Dataset extract:
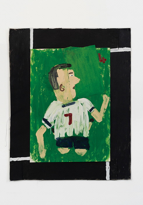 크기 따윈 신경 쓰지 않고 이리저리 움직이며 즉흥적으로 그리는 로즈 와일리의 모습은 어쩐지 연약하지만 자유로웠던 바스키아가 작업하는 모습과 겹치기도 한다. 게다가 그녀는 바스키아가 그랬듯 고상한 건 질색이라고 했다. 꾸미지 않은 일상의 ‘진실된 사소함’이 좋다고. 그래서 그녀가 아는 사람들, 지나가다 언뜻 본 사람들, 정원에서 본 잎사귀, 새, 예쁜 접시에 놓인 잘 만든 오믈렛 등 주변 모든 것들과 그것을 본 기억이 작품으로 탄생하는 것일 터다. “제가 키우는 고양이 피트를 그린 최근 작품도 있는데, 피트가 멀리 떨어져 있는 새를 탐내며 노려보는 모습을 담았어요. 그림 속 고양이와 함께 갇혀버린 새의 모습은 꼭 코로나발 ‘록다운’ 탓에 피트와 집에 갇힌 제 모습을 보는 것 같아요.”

* * *

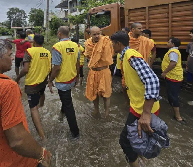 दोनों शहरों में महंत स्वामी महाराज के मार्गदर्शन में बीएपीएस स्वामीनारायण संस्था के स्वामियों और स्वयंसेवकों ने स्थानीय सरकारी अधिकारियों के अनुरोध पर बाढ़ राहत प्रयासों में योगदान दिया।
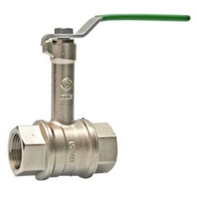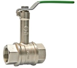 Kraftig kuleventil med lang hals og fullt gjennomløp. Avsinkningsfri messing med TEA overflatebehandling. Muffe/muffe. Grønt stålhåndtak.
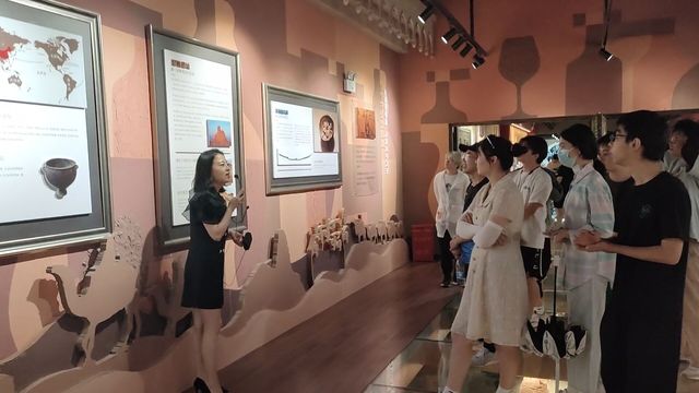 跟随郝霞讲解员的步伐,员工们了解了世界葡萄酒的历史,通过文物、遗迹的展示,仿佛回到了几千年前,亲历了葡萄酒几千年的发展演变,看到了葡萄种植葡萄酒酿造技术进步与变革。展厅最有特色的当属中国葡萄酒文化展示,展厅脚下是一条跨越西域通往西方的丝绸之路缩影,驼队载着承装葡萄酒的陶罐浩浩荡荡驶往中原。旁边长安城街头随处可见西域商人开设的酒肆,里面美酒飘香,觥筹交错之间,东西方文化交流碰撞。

Your task:
From the line containing "दोनों शहरों में" through the line containing "跟随郝霞讲解员的步伐,员工们", copy every line above exactly, without pictures.

Expected output:
 दोनों शहरों में महंत स्वामी महाराज के मार्गदर्शन में बीएपीएस स्वामीनारायण संस्था के स्वामियों और स्वयंसेवकों ने स्थानीय सरकारी अधिकारियों के अनुरोध पर बाढ़ राहत प्रयासों में योगदान दिया।
 Kraftig kuleventil med lang hals og fullt gjennomløp. Avsinkningsfri messing med TEA overflatebehandling. Muffe/muffe. Grønt stålhåndtak.
 跟随郝霞讲解员的步伐,员工们了解了世界葡萄酒的历史,通过文物、遗迹的展示,仿佛回到了几千年前,亲历了葡萄酒几千年的发展演变,看到了葡萄种植葡萄酒酿造技术进步与变革。展厅最有特色的当属中国葡萄酒文化展示,展厅脚下是一条跨越西域通往西方的丝绸之路缩影,驼队载着承装葡萄酒的陶罐浩浩荡荡驶往中原。旁边长安城街头随处可见西域商人开设的酒肆,里面美酒飘香,觥筹交错之间,东西方文化交流碰撞。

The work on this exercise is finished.